Kiyarüstemi'ye göre, tabii varlıklar tabiattan ayrı kalamazlar, aksi halde intihara yönelirler. Kirazın Tadı, aynı zamanda, hayatın dayatma ve zorlama değil de bir seçim olduğunu hatırlatıyor.
Tarkovski sinemasında yeniden görmeye ve duymaya başladığımız şeylere istemsizce tekrar tekrar bakarız. Onun filmlerinde izleyici için takdir edilen zaman oldukça lütufkârdır. Zamanın sinemasal anlamda genişlediği, düşünmeye, idrak etmeye, içsel devinime yer açan bir anlayıştır bu.
"Bazen çok iyi yazılmış bir kitabın sinemadaki karşılığı o kadar oturmuyor, olmuyor.
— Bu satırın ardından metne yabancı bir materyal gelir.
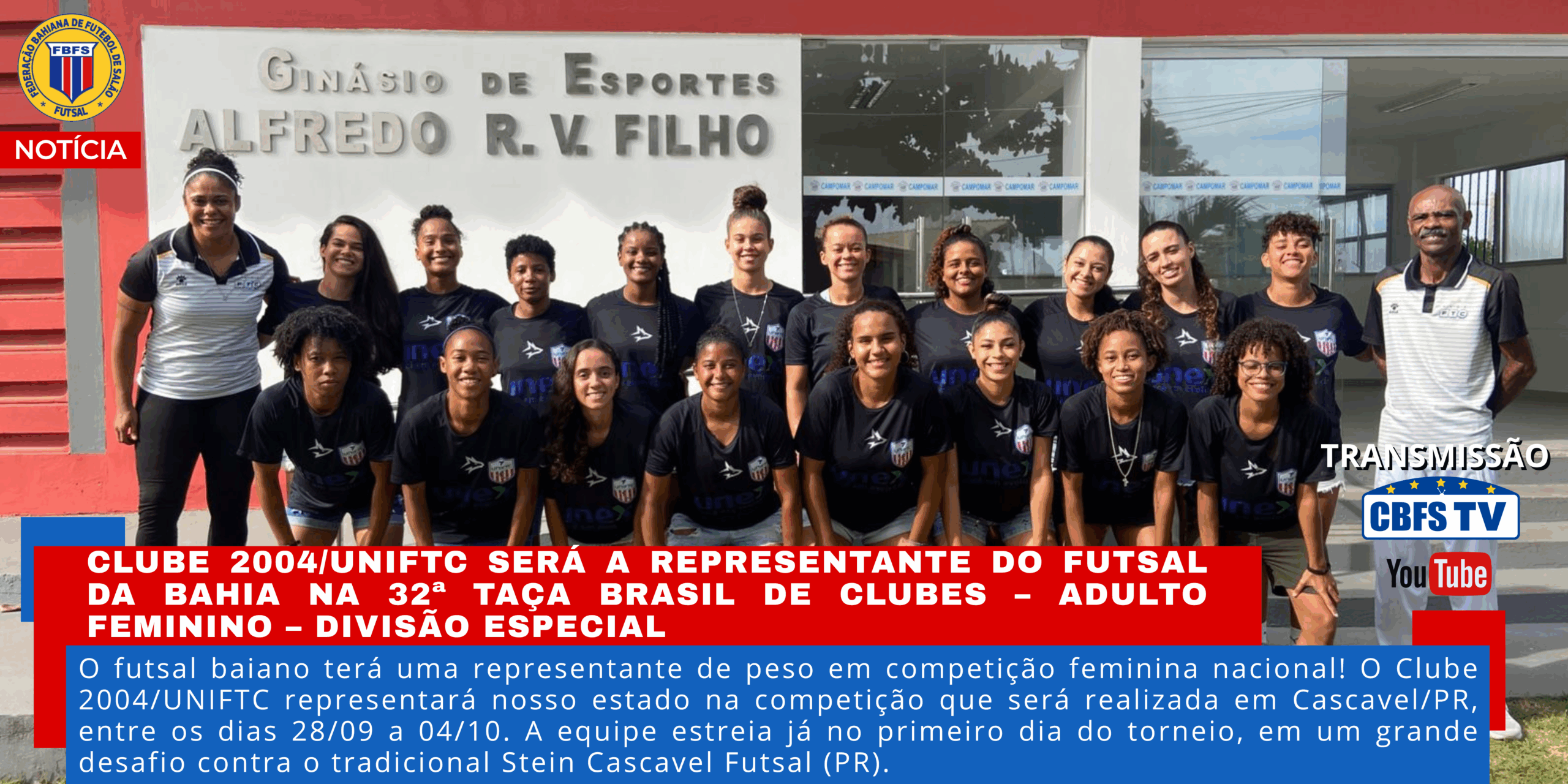 Tabela dos Jogos – TABELA DA TAÇA BRASIL DE CLUBES ADULTO FEMININO DIVISÃO ESPECIAL – A equipe campeã baiana do ano passado, Clube 2004/UNIFTC será a representante do Futsal da Bahia na competição, que acontecerá na cidade de Cascavel/PR, de 28/09 a 04/10. A equipe está se deslocando para a cidade sede do evento, contando com apoio do Governo do Estado, através da SUDESB – Superintendente dos Desportos do Estado da Bahia. Os jogos serão transmitidos pela CBFSTV, no Youtube Click no link da tabela: TABELA DA 32ª TAÇA BRASIL DE [...]
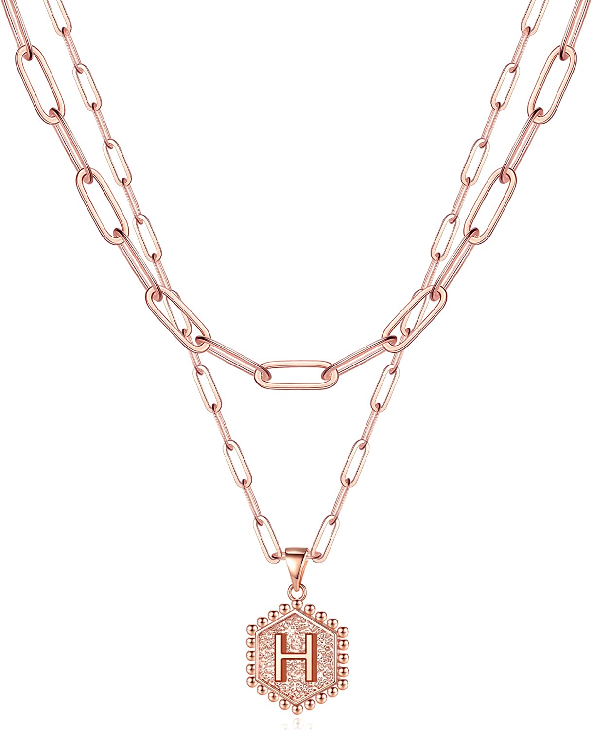 LAYERING INITIAL NECKLACES: Gold layered paperclip chain letter initial necklaces set with hexagon charm, engraved with initial and heart in back and front, large initial pendant dainty necklaces for women teen girls jewelry.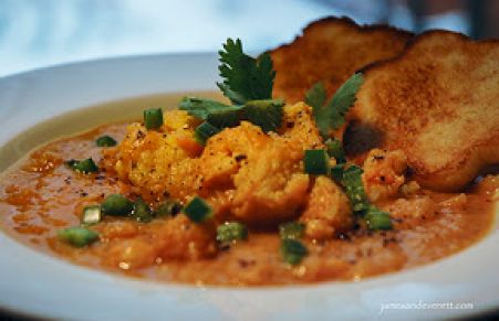 Cauliflower roasted with Indian spices mingle with the sweetness of yams to create this healthy and delicious soup.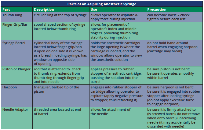 Anesthetic syringes vary in design and can be either stainless steel, which are autoclavable; or plastic, which are autoclavable or disposable. The most common type of syringe used in dentistry is the aspirating syringe. The parts of the syringe are shown in Figure 7, and their functions are discussed in Table 3. The aspirating syringe is recommended by the ADA.7 It protects the patient by allowing the clinician to check for proper placement of the needle before actually injecting the anesthetic solution. Anesthetic solutions must not be injected into the bloodstream because they can be toxic. The aspirating syringe prevents the injection of the solution into a blood vessel. The clinician will place the needle in the tissue and then apply negative (back) pressure on the thumb ring. If the needle is placed in a blood vessel, blood will be aspirated (or drawn back into) the cartridge. The clinician then knows that they must withdraw the needle and reposition it so that the solution will not be injected into a blood vessel.

Yani dilin muhteviyatı, kelimelerin yarattığı atmosfer, olay örgüleri vs. olamayacağını gördüm."
Luis Bunuel ve Tarkovski sinemasını birbirine bağlayan ortak özellik, her ikisinin de sanrı, rüya ve kâbuslardan oluşan hayal dünyası ile gerçeklik arasındaki sınırları yıkmalarıdır.
Kiyarüstemi'nin sineması ile belgesel film ustası Jean-Luc Godard'ın sineması arasında paralellikler kurulmaktadır.
Fakat Godard'ın görsel ve sözel imgeleri, anlamını geri dönülmez bir biçimde yitirmiş, belki de özünde saçma olan bir hayatın aldatıcı sahteliğini yansıtmaktayken, Kiyarüstemi'nin imgelerinde şiddetlenmekte olan hiçlik duygusu, kendi ifadesiyle ümit uyandırmaktadır. O, filmlerinde, mutlu yaşamanın delillerini bildiğini hissettirmekte ve insanın henüz ölmediğine seyirciyi inandırmayı başarmaktadır.
Kiyarüstemi filmleri, hayatın ikinci kez canlandırıldığı filmler olarak da görülmektedir. Hayat ne kadar indirgenebilirse, şiir de o ölçüde indirgenebilir.